Cuando mis hijos querían churros, íbamos a la vieja churrería que hay enfrente del bar, y comprábamos media docena. Luego acudíamos a la terraza y pedíamos dos vasos de leche y un café. Solían ser las doce de la mañana. En varias ocasiones, nos habíamos quedado sin churros, y era complicado (perdonen la lata) dejar la mesa vacía, correr a por los churros, volver, encontrar los vasos a la intemperie y recuperar el tono festivo de llevar a los niños a comer churros. Así que de forma natural lo hacíamos al revés: primero, comprar churros en la churrería; luego, pedir cafés en la cafetería.
Todo iba bien en esta diminuta historia de niños y churros mientras fue una camarera la que veía sobre la mesa de su establecimiento productos de otro establecimiento, ante lo cual no tenía nada que decir.
Pero una mañana, simétrica, churrera, todo igual, fue el camarero gordo el que nos puso los dos vasos de leche y el café caliente, y el que se fijó en los churros ajenos, migrantes y muy ilegales. Y me dijo: “No puede traer comida de otro sitio aquí”. O: “No puedes comer churros que no has comprado en el bar”. No recuerdo lo que me dijo exactamente, pero se entiende la monserga.
Por su cara, vi que no se podía negociar ni explicar nada, algo como: “¡Pero si no tienes churros, hijo de la gran puta, en tu bar!” Porque a esas horas era seguro que no tenía churros en su bar, el hijo de la gran puta. Así que bajé la vista, avergonzado (porque a mí incumplir las normas me da mucha vergüenza) y juré no volver nunca más a ese bar. Como así he hecho.
¿Qué ganaba el gordinflón afeando los churros de mis hijos? Nada. También noté ahí que había camareros que nunca le afearían los churros a unos niños, ni aunque tuvieran churros en su bar, como me pasó varias veces con las camareras. De hecho, a veces las camareras no me cobraban ni la leche de los niños.
Hay dependientes, personas, ángeles que saben cuándo una norma no es tan importante.
Meses después, ayer mismo, como quien dice, volví a vivir una experiencia parecida, esta vez ferroviaria. Había llevado a mis hijos a la playa en los trenes de Ouigo, de los que tenía una gran imagen dado su bajo precio, la facilidad de compra en su web y, por qué no, que molestan mucho a Óscar Puente. La ida fue fantástica, y la vuelta, no.

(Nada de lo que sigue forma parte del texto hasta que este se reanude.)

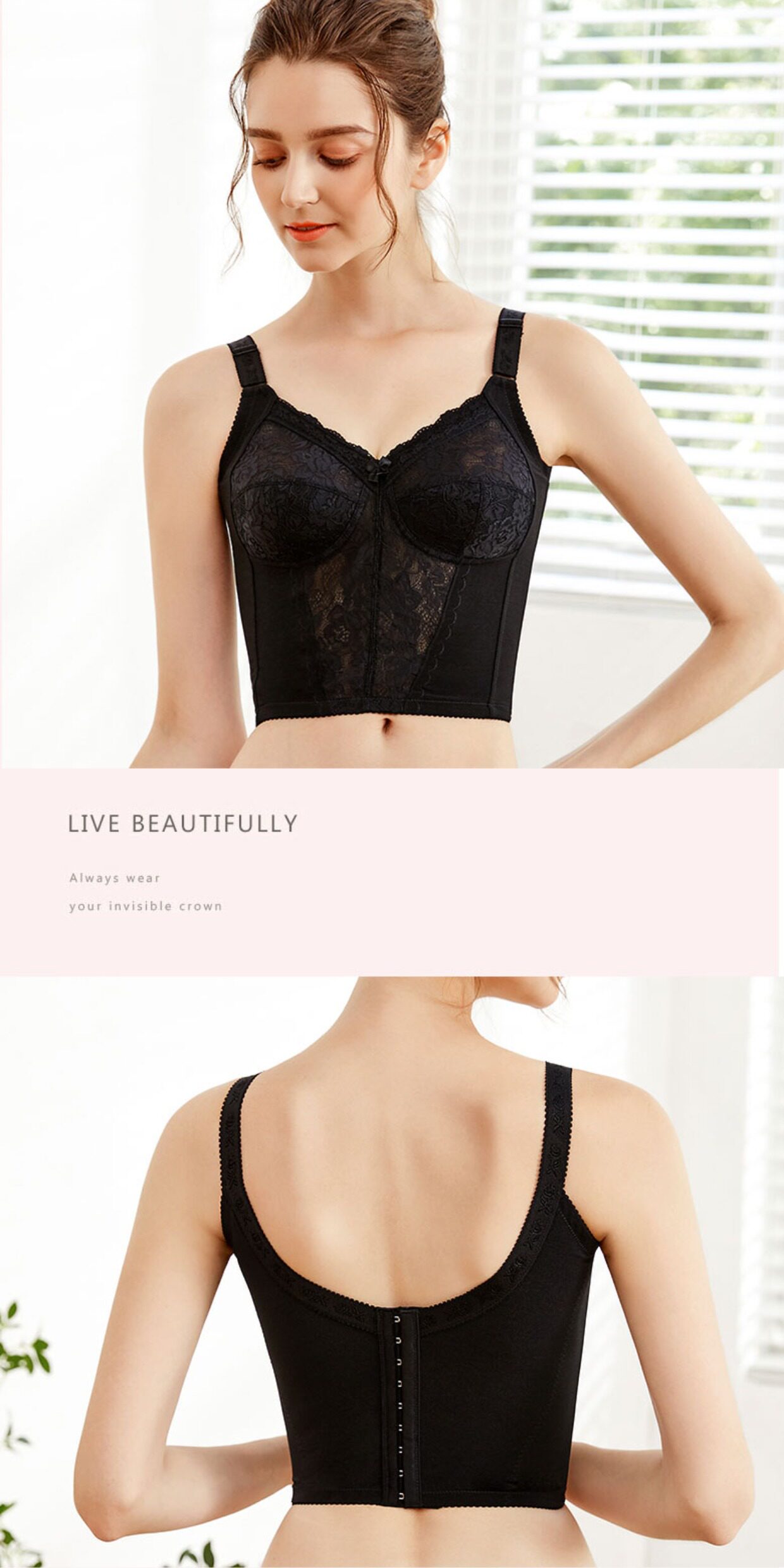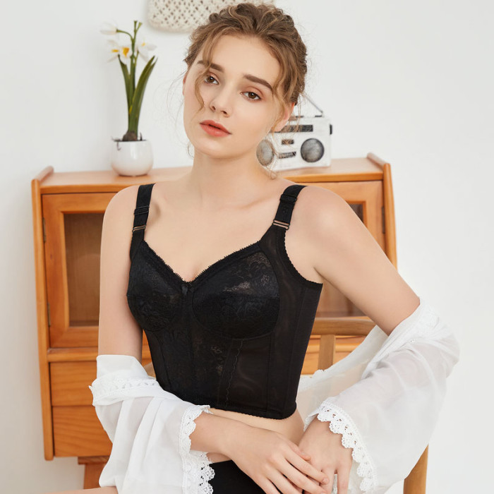 美容院無鋼圈調整型收副乳收胃大胸顯小全罩杯長文胸美背薄款內衣

Llevaba yo, como es imaginable con niños muy pequeños, todo nuestro equipaje embutido en una gran maleta, mientras que los niños llevaban dos mochilas simbólicas, prácticamente vacías, escolares, con playmobiles y algún libro dentro. Después de la semana en la playa, yo estaba agotado y con ganas de tocar puerto en Madrid, así que iba con ansias por ocupar cuanto antes nuestros asientos en la gran compañía ferroviaria francesa, de nombre impronunciable.
Después de los inútiles controles de equipajes, y de una cola para escanear los QR de los billetes, el tren y sus mullidos asientos donde desplomarse estaban al alcance de la mano. Pero una mujer, lógicamente otra hija de la gran puta, me dio el alto. “Oiga”, me dijo. “Oiga”.
Según quiero entender, la mujer escaneó mi billete, y los de mis hijos, y cuando ya nos encaminábamos hacia el tren, vio rodar mi gran maleta (no tan grande, pero sí, acaso, voluminosa) y tuvo una feliz idea recaudatoria. El “oiga” consiguió que volviera a enseñarle los billetes, y ella movió en la pantalla el billete, hasta localizar mi desgracia. “Mire”, dijo, me lo invento, “no ha pagado la maleta grande”. Yo no sabía de qué me hablaba, entre otras cosas porque en Madrid nadie me había hecho ninguna observación similar. “¿Qué?” “La maleta grande, la tiene que pagar, aquí mismo se la cobro”, y sacó (no lo sacó: lo tenía ya amartillado en su mano derecha; quizá ese era su trabajo, ametrallar con su datáfono todo lo que pillara) un datáfono muy cuco, de tamaño reducido, no como mi maleta.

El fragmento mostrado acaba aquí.